*EXERCISE DIRECTIONS*
Beginning with the line that holds "Tokyo's upscale Ginza" and finishing with the line that holds "codinged by in702", repeat the listing exactly, leaving every picture out.
-.-.-
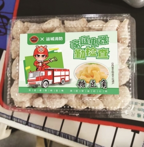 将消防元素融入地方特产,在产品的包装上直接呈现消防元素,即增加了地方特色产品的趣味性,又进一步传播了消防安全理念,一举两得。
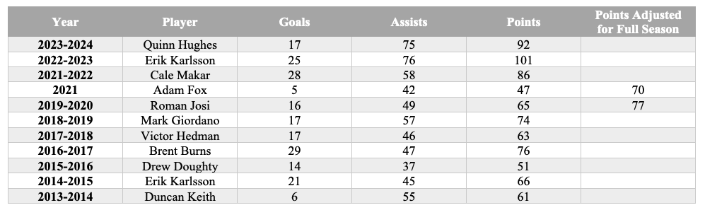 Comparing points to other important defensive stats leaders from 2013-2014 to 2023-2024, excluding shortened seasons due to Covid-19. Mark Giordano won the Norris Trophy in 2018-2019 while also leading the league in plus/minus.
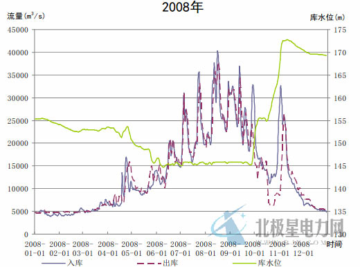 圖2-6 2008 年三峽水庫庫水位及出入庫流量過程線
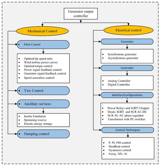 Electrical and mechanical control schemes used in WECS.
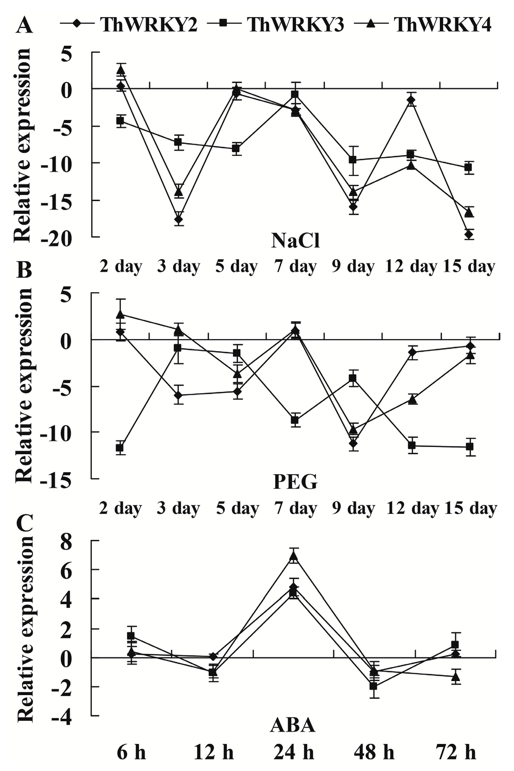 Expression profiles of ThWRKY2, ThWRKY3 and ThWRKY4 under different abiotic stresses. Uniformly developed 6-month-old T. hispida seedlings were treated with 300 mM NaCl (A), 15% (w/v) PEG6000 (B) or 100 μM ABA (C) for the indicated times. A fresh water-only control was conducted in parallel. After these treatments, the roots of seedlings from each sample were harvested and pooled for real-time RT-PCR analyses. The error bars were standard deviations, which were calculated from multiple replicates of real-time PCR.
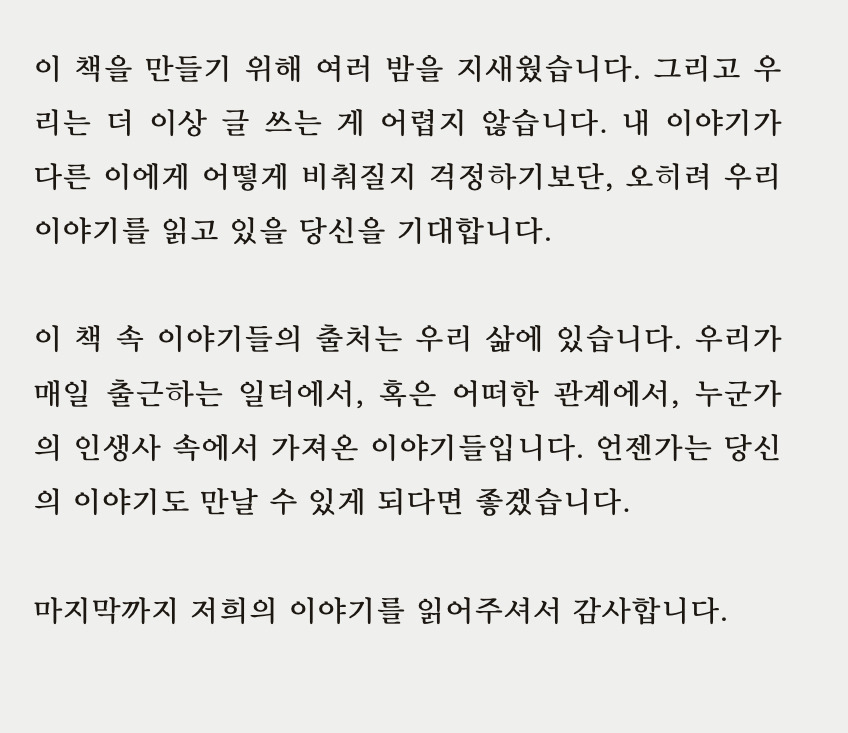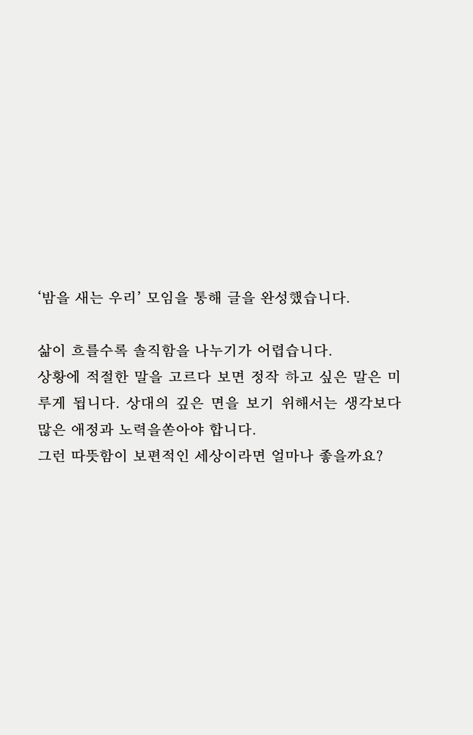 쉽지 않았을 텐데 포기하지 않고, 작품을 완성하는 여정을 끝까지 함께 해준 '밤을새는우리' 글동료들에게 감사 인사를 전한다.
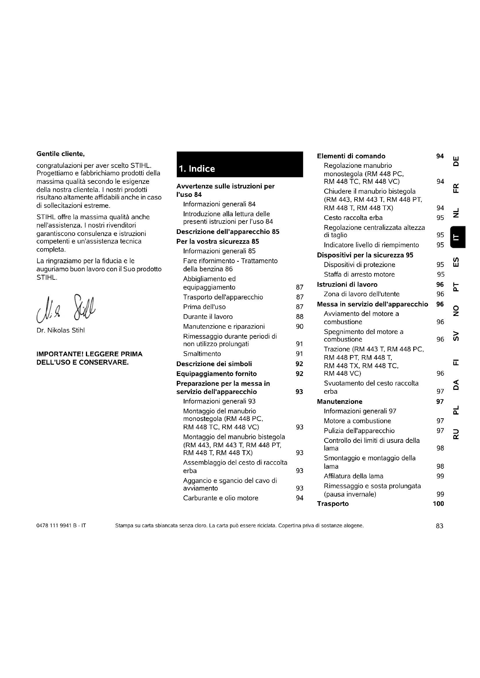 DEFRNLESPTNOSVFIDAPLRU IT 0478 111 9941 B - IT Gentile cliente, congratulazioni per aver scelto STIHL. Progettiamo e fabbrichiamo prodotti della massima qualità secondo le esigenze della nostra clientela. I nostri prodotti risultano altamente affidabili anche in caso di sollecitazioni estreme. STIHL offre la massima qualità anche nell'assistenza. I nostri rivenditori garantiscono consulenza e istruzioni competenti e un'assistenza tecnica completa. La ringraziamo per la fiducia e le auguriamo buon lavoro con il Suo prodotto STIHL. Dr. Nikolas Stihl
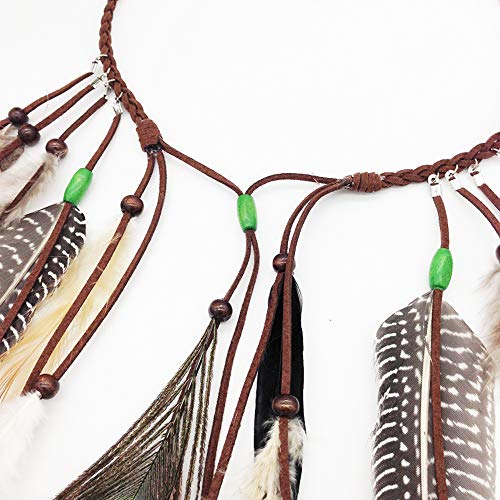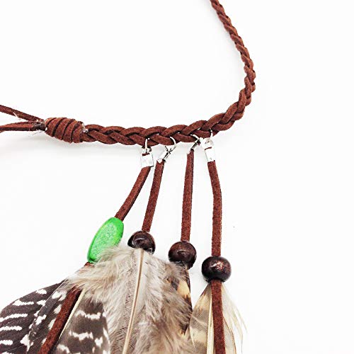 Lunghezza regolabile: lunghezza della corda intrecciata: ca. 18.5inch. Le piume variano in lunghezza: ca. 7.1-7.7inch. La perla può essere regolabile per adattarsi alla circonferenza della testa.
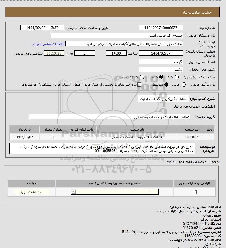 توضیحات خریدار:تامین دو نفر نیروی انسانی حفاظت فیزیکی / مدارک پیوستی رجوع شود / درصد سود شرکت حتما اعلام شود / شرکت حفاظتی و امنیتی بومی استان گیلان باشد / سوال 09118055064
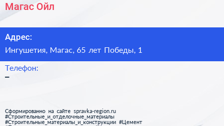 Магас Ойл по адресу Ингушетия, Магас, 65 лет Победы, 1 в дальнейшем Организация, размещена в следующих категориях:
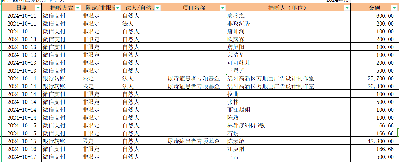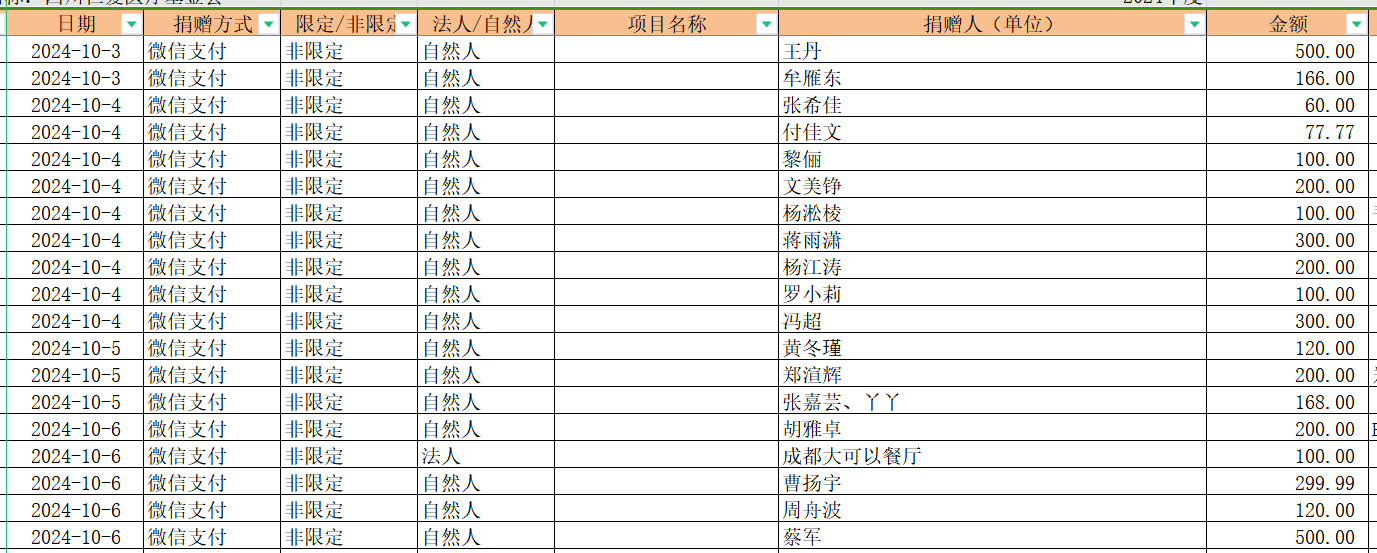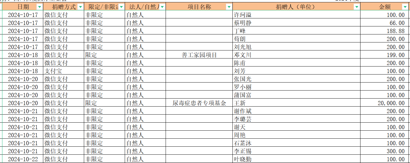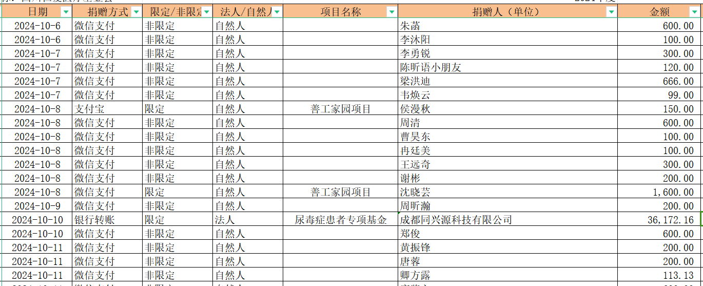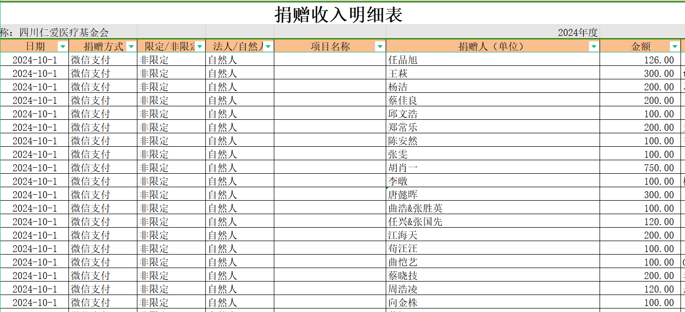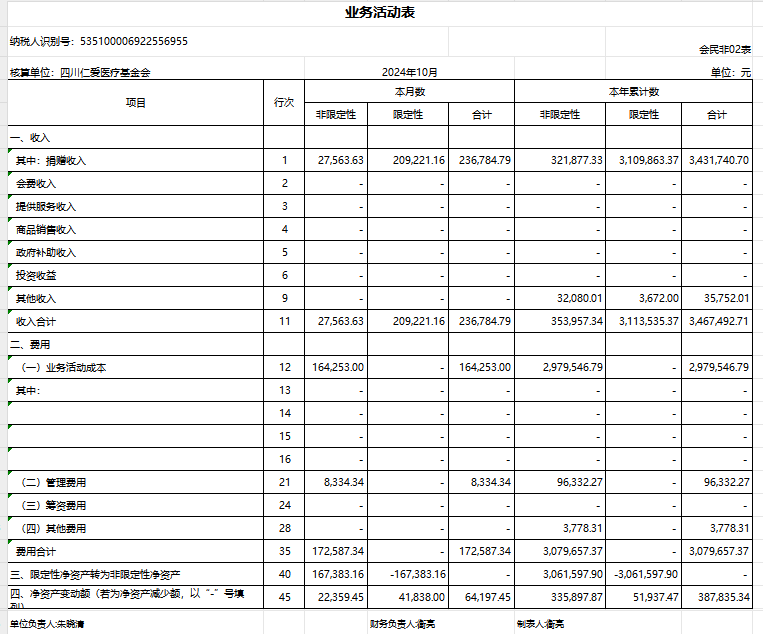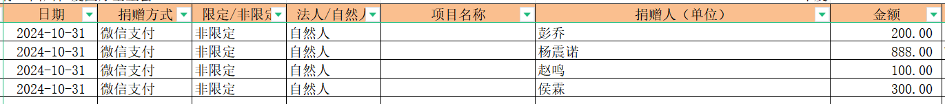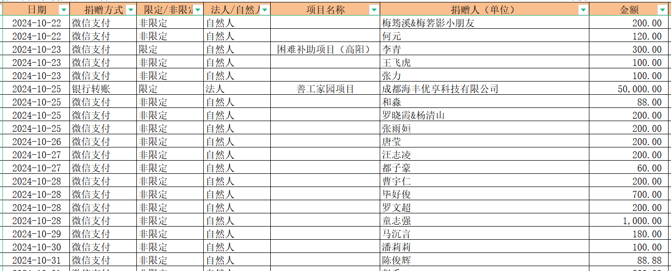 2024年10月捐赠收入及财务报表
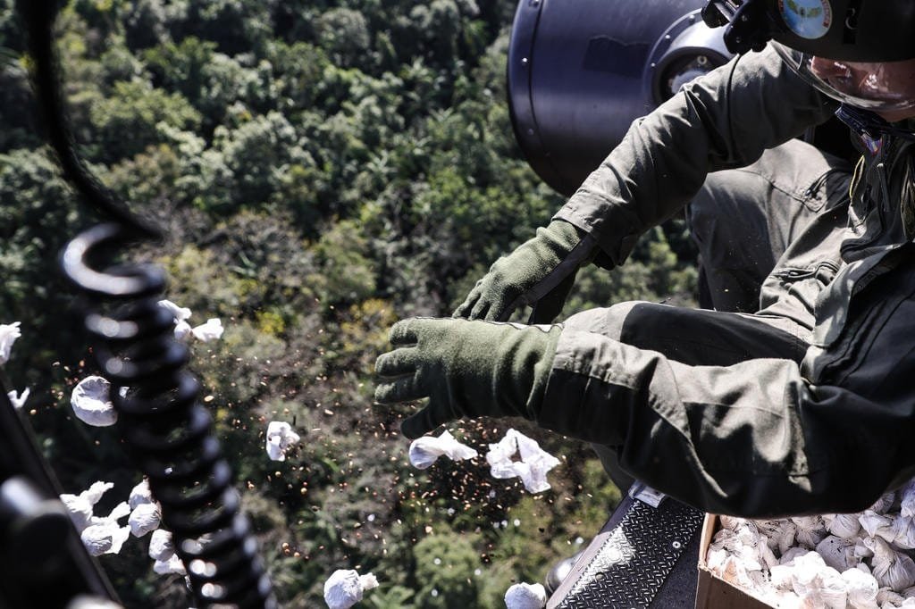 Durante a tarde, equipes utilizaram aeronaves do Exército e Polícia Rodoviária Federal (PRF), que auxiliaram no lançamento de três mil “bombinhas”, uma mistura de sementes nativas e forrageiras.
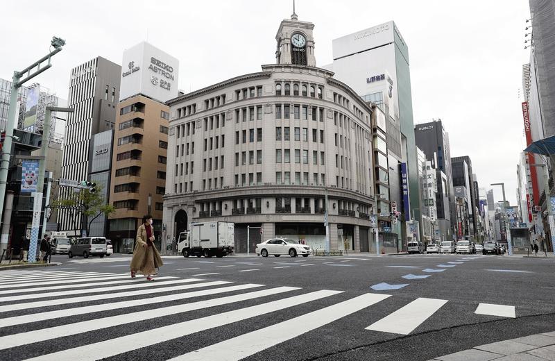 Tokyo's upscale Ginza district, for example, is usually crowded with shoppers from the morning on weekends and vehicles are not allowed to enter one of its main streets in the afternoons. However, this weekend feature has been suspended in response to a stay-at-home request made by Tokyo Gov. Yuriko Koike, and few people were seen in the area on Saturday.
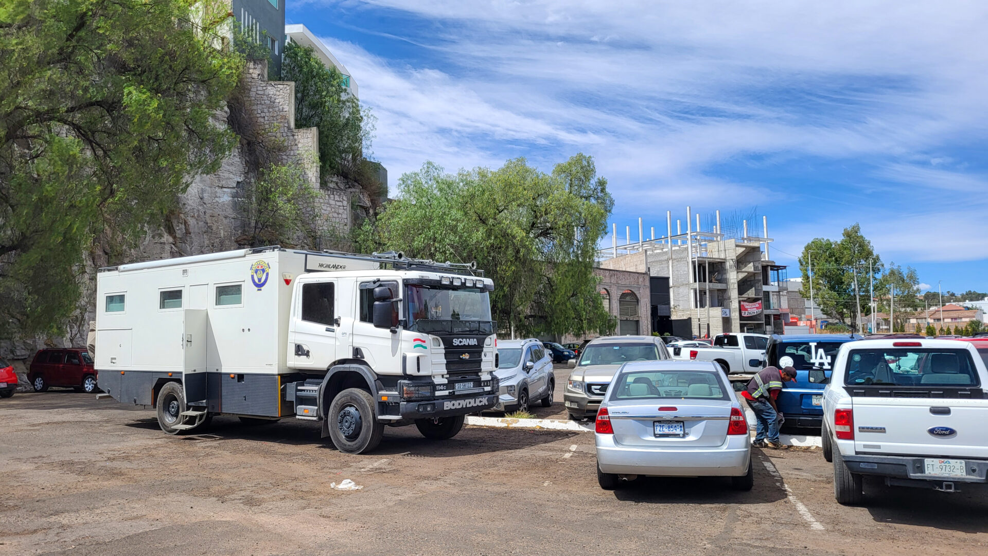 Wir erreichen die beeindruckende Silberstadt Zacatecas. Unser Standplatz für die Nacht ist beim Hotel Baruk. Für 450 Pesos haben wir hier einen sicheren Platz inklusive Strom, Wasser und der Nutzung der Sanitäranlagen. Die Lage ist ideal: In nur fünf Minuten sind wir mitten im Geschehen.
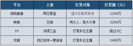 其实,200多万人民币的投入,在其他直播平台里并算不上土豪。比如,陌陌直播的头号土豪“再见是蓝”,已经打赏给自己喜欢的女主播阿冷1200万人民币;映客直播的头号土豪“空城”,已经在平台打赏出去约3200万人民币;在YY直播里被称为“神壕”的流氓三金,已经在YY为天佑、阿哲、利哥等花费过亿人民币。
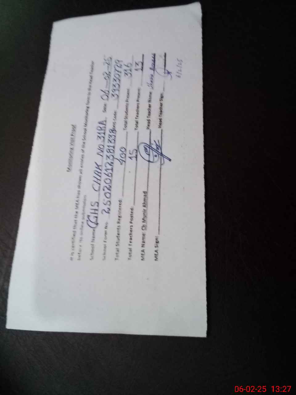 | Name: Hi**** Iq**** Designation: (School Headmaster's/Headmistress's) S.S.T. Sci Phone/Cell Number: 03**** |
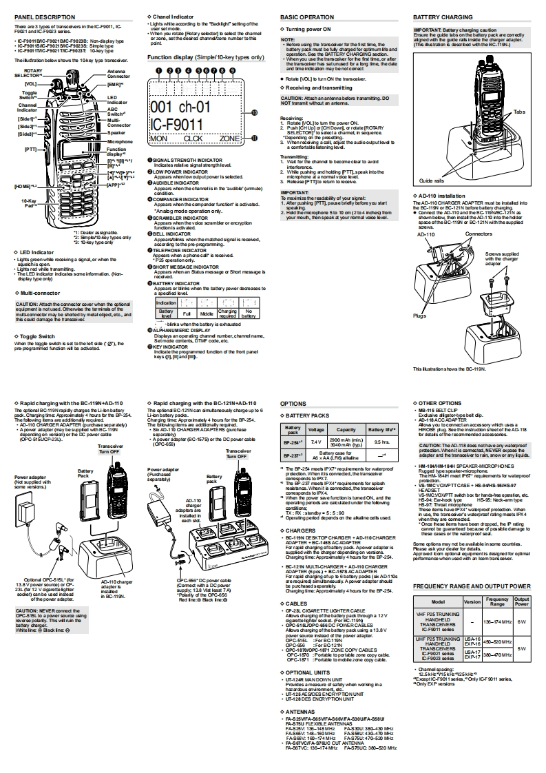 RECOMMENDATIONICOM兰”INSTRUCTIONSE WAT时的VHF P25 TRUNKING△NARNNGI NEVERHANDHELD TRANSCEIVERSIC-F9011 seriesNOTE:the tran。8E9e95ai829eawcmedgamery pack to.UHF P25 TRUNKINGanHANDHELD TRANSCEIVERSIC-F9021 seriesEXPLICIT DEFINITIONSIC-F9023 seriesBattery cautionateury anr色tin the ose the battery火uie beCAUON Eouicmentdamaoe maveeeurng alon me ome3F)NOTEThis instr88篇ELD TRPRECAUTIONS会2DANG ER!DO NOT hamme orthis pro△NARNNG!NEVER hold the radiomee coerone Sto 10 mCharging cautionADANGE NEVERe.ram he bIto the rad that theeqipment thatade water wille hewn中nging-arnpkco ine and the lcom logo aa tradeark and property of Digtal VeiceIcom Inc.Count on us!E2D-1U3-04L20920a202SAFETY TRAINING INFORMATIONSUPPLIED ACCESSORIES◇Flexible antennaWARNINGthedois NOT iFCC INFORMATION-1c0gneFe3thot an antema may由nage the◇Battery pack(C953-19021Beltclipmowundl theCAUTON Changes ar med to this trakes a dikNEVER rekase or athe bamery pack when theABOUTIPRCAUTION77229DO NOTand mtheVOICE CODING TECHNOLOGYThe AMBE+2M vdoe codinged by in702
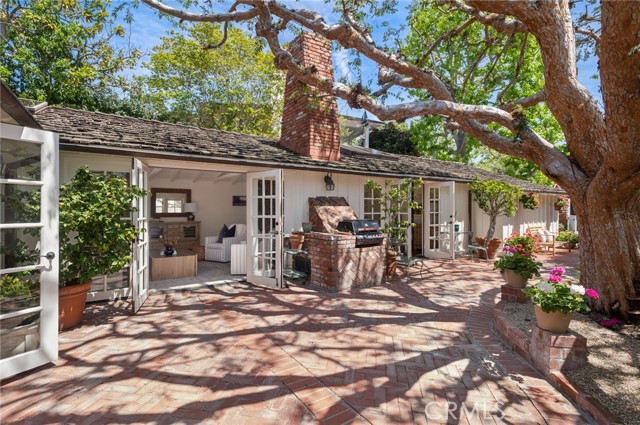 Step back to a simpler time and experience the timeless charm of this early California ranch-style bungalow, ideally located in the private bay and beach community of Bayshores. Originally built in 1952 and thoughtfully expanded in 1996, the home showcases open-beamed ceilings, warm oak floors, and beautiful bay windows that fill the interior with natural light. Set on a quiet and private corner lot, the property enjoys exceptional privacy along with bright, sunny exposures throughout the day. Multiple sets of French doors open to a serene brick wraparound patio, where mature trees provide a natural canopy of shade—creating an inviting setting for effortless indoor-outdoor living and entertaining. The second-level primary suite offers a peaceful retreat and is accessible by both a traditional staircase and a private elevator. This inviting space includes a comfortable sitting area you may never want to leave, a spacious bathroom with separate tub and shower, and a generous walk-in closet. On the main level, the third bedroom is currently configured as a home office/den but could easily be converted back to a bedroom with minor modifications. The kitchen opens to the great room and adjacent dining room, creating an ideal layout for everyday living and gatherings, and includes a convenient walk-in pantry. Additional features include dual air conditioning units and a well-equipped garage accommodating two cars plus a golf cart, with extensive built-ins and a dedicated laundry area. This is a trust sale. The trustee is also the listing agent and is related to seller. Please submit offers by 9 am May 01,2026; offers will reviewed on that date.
-.-.-
*OUTPUT FOR THIS EXERCISE*
 Tokyo's upscale Ginza district, for example, is usually crowded with shoppers from the morning on weekends and vehicles are not allowed to enter one of its main streets in the afternoons. However, this weekend feature has been suspended in response to a stay-at-home request made by Tokyo Gov. Yuriko Koike, and few people were seen in the area on Saturday.
 Wir erreichen die beeindruckende Silberstadt Zacatecas. Unser Standplatz für die Nacht ist beim Hotel Baruk. Für 450 Pesos haben wir hier einen sicheren Platz inklusive Strom, Wasser und der Nutzung der Sanitäranlagen. Die Lage ist ideal: In nur fünf Minuten sind wir mitten im Geschehen.
 其实,200多万人民币的投入,在其他直播平台里并算不上土豪。比如,陌陌直播的头号土豪“再见是蓝”,已经打赏给自己喜欢的女主播阿冷1200万人民币;映客直播的头号土豪“空城”,已经在平台打赏出去约3200万人民币;在YY直播里被称为“神壕”的流氓三金,已经在YY为天佑、阿哲、利哥等花费过亿人民币。
 | Name: Hi**** Iq**** Designation: (School Headmaster's/Headmistress's) S.S.T. Sci Phone/Cell Number: 03**** |
 RECOMMENDATIONICOM兰”INSTRUCTIONSE WAT时的VHF P25 TRUNKING△NARNNGI NEVERHANDHELD TRANSCEIVERSIC-F9011 seriesNOTE:the tran。8E9e95ai829eawcmedgamery pack to.UHF P25 TRUNKINGanHANDHELD TRANSCEIVERSIC-F9021 seriesEXPLICIT DEFINITIONSIC-F9023 seriesBattery cautionateury anr色tin the ose the battery火uie beCAUON Eouicmentdamaoe maveeeurng alon me ome3F)NOTEThis instr88篇ELD TRPRECAUTIONS会2DANG ER!DO NOT hamme orthis pro△NARNNG!NEVER hold the radiomee coerone Sto 10 mCharging cautionADANGE NEVERe.ram he bIto the rad that theeqipment thatade water wille hewn中nging-arnpkco ine and the lcom logo aa tradeark and property of Digtal VeiceIcom Inc.Count on us!E2D-1U3-04L20920a202SAFETY TRAINING INFORMATIONSUPPLIED ACCESSORIES◇Flexible antennaWARNINGthedois NOT iFCC INFORMATION-1c0gneFe3thot an antema may由nage the◇Battery pack(C953-19021Beltclipmowundl theCAUTON Changes ar med to this trakes a dikNEVER rekase or athe bamery pack when theABOUTIPRCAUTION77229DO NOTand mtheVOICE CODING TECHNOLOGYThe AMBE+2M vdoe codinged by in702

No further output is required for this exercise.